Job Description SummaryWe are seeking a passionate and driven individual to join GE HealthCare’s Regulatory Affairs (RA) team. The RA Specialist will be responsible for obtaining and maintaining product registrations and business licenses in accordance with local regulations, company SOPs, and the strategic direction set by the GRL (Global Regulatory Lead). This role will serve as a vital regulatory partner to local cross-functional teams and global stakeholders to support product launches and ensure compliance throughout the product lifecycle.

Job Description

[HR Talk]

GE헬스케어 조영제 사업부에서 RA 업무를 담당하실분을 채용합니다. 제약회사에서 RA 업무를 최소 2년이상 하신 후보자를 우대하며 영어 커뮤니케이션이 원활하신 후보자를 선호합니다.

Product Registration & Maintenance

Develop regulatory strategies aligned with the product launch plan and GRL direction.

Prepare and submit MFDS applications in accordance with Korean regulations and GE HealthCare SOPs.

Collaborate with GRL and internal cross-functional teams to implement bridging strategies for marketing authorization.

Maintain product licenses by updating CMC, CCDS, and safety information as needed.

Review promotional and external communication materials for regulatory compliance.

Manage business licenses to support commercial operations.

Cross-functional Regulatory Support

Provide timely and accurate regulatory insights to internal teams (Medical, Commercial, Quality, etc.).

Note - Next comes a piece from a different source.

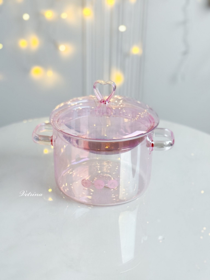 طنجرة زجاج شفافة لون زهري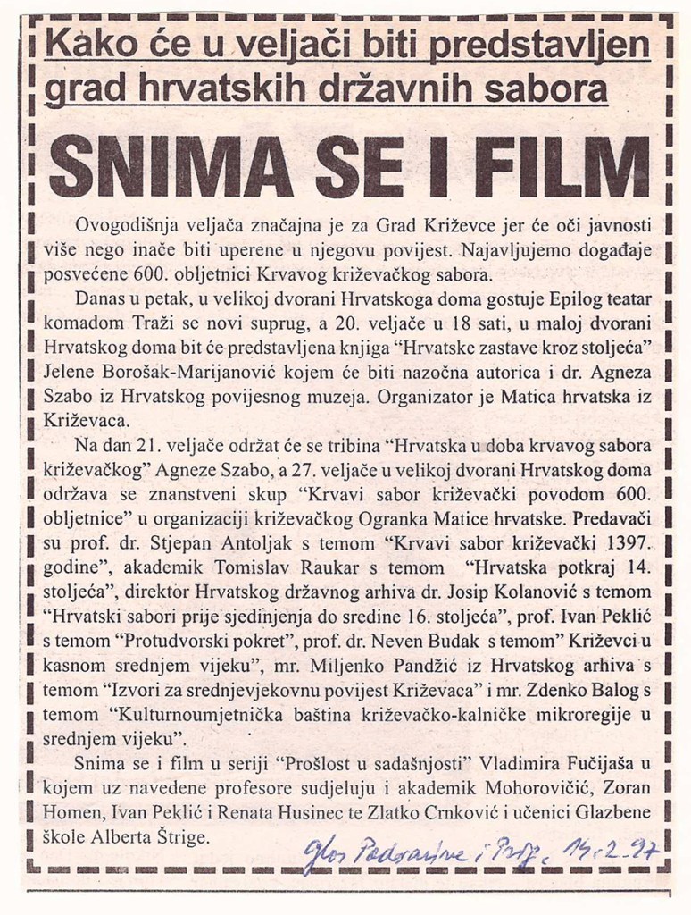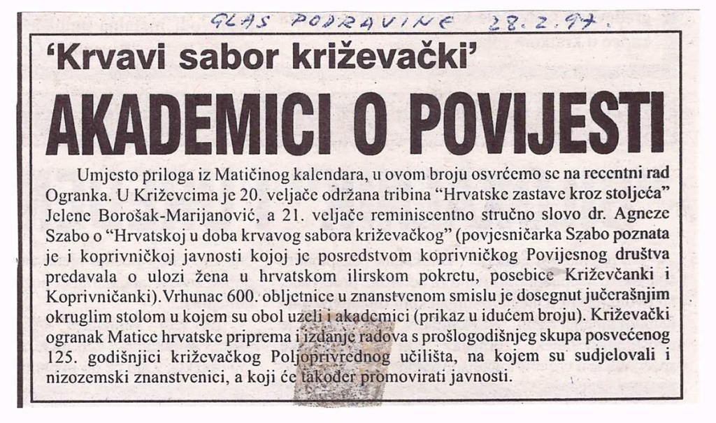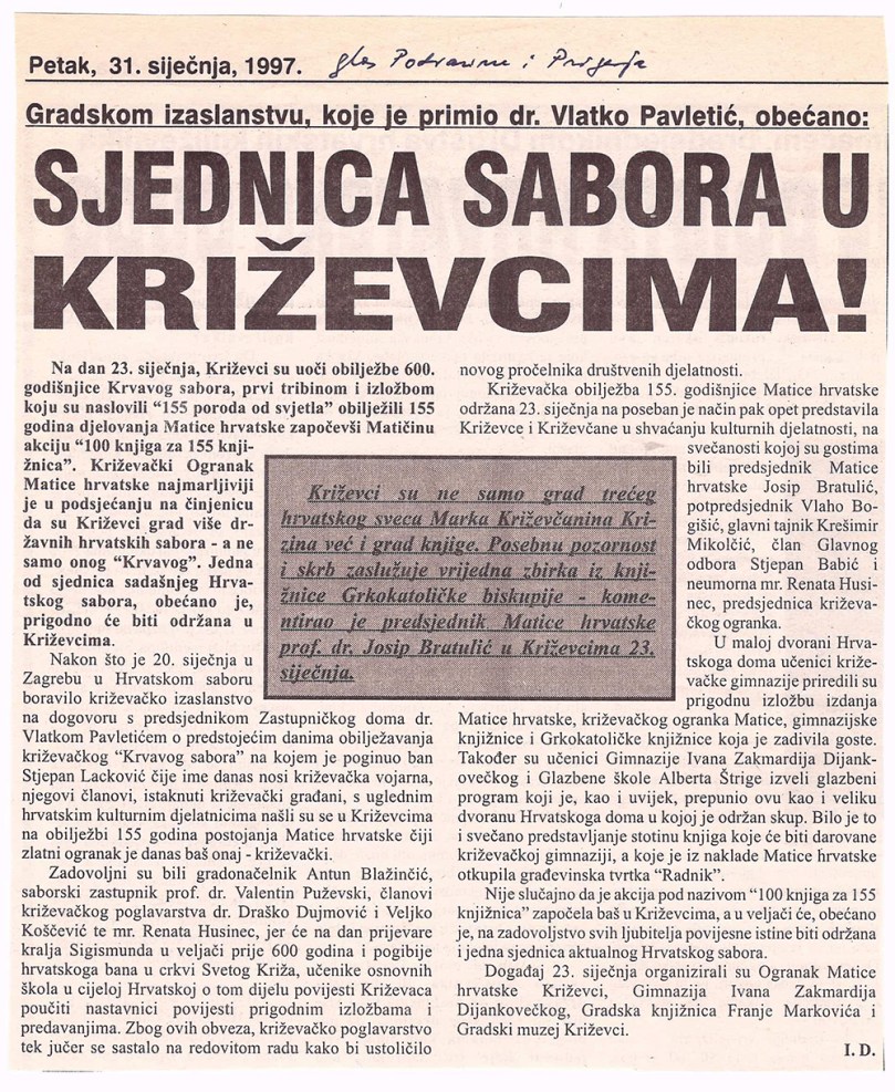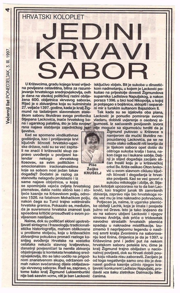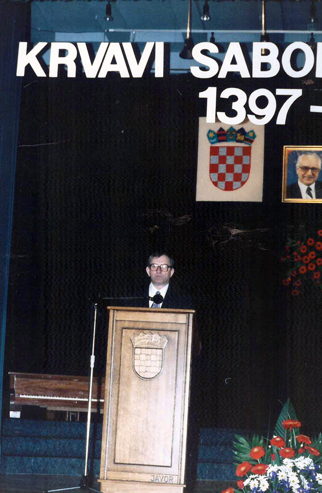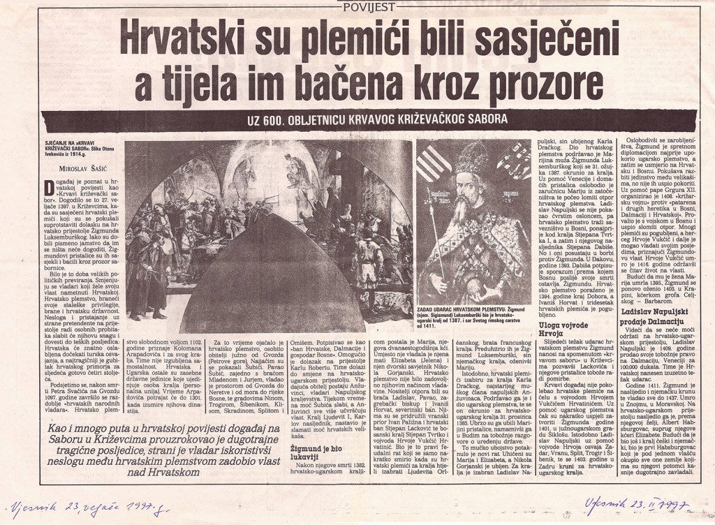 Predsjednik hrvatskoga Sabora akademik Vlatko Pavletić otkrio je u četvrtak u Križevcima, na 600. obljetnicu Krvavog sabora, spomen-ploču u crkvi Sv. Križa i položio vijenac. U saborskome izaslanstvu, koje je bilo nazočno obilježavanju obljetnice, bili su i Žarko Domljan, Dražen Budiša, Stjepan Radić, Ivan Aralica, a izaslanik predsjednika hrvatske Vlade bio je Ivan Majdak. Krvavi sabor, po Pavletićevim riječima, svjedoči o burnim vremenima u stvaranju hrvatske države i hrvatske nacije. U obilježavanje obljetnice toga povijesnoga događaja uključen je i znanstveni skup te kulturne manifestacije. Na sastanku s predstavnicima Koprivničko-križevačke županije i Križevaca, predsjednik Sabora je poručio da taj kraj u svome razvoju treba iskoristiti prirodne prednosti i vlastite stručnjake. Na znanstvenom skupu u Hrvatskom domu u Križevcima, koji je pripremila HAZU i Matica hrvatska, osvijetljene su prilike u Hrvatskoj u srednjem vijeku s naglaskom na Krvavi sabor u Križevcima godine 1397., kada je hrvatsko-ugarski kralj Sigismund na prijevaru ubio hrvatske plemiće koji su mu se suprotstavili.

Participate in cross-functional projects and provide regulatory perspectives in decision-making processes.

External Collaboration & Regulatory Intelligence

Build and maintain effective working relationships with MFDS, MoHW, and relevant industry associations.

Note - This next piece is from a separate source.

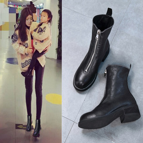 大幂幂同款ann真皮马丁靴女2021新款烟筒靴切尔...
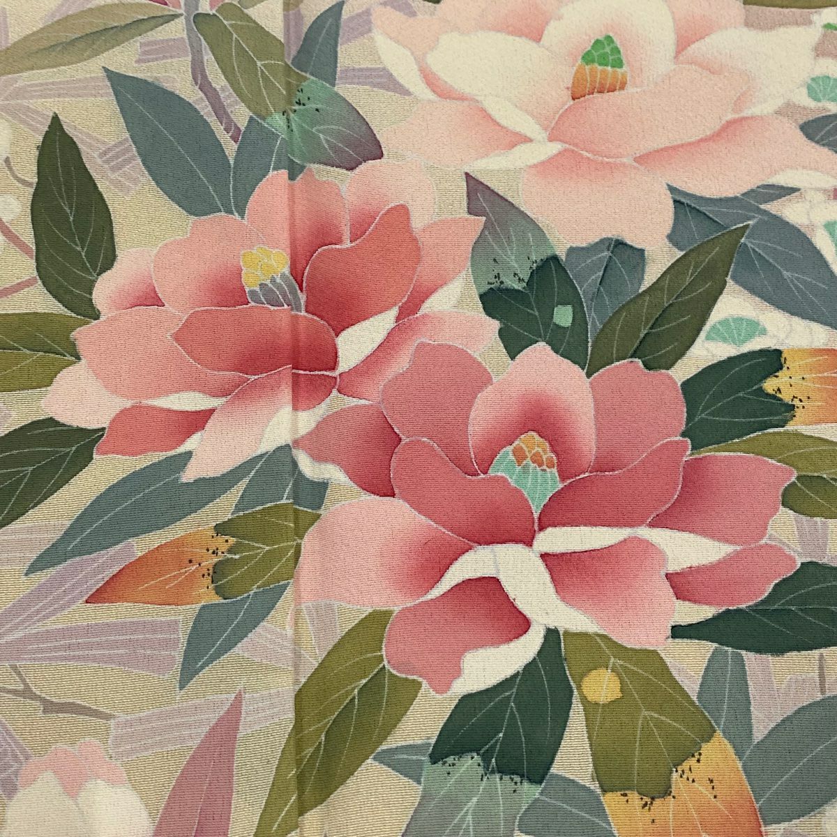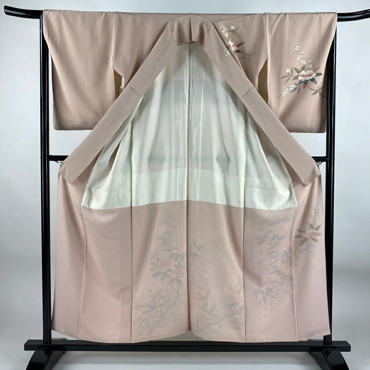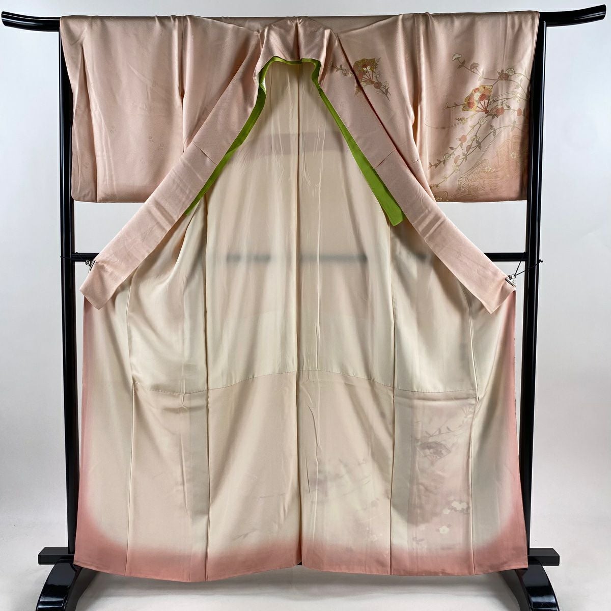 【在庫一掃】 付下げ 身丈153cm 裄丈62cm S 袷 椿 流水 染め分け ピンクベージュ 正絹 秀品

Monitor local regulatory changes and contribute to shaping policies aligned with GE HealthCare’s business strategy.

Represent GE HealthCare in regulatory forums when required.

Qualifications:

Minimum 2 years of experience in Regulatory Affairs within the pharmaceutical or healthcare industry or Korean health authority (MFDS etc.).

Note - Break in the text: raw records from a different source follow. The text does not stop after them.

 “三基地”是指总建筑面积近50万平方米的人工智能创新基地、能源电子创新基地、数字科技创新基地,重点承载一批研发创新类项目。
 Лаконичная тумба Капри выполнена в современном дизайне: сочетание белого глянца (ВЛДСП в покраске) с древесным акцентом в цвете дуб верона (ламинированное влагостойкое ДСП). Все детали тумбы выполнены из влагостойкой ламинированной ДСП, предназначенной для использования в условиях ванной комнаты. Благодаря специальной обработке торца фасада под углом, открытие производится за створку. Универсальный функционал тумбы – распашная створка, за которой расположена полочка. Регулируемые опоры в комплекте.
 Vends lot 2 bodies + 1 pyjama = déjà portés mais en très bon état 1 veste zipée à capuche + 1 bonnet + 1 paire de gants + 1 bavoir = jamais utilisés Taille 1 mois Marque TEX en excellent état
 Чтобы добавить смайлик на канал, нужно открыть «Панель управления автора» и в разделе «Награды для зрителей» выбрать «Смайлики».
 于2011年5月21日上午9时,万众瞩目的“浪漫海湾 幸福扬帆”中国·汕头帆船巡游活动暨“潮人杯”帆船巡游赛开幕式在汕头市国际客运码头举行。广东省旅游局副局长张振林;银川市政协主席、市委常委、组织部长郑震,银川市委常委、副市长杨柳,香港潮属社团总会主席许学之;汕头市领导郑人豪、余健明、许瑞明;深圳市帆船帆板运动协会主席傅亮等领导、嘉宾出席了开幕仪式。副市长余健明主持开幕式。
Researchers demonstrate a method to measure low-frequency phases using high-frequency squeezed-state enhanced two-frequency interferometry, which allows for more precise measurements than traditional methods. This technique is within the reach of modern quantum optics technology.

Degree in Pharmacy or Life Sciences. Pharmacist license is preferred.

Fluent in Korean and English (both written and verbal communication).

Solid understanding of Korean pharmaceutical regulations and regulatory procedures.

Knowledge of drug development and product lifecycle management.

Inclusion and Diversity

GE Healthcare is an Equal Opportunity Employer where inclusion matters. Employment decisions are made without regard to race, color, religion, national or ethnic origin, sex, sexual orientation, gender identity or expression, age, disability, protected veteran status or other characteristics protected by law.

We expect all employees to live and breathe our behaviors: to act with humility and build trust; lead with transparency; deliver with focus, and drive ownership – always with unyielding integrity.

Our total rewards are designed to unlock your ambition by giving you the boost and flexibility you need to turn your ideas into world-changing realities. Our salary and benefits are everything you’d expect from an organization with global strength and scale, and you’ll be surrounded by career opportunities in a culture that fosters care, collaboration and support.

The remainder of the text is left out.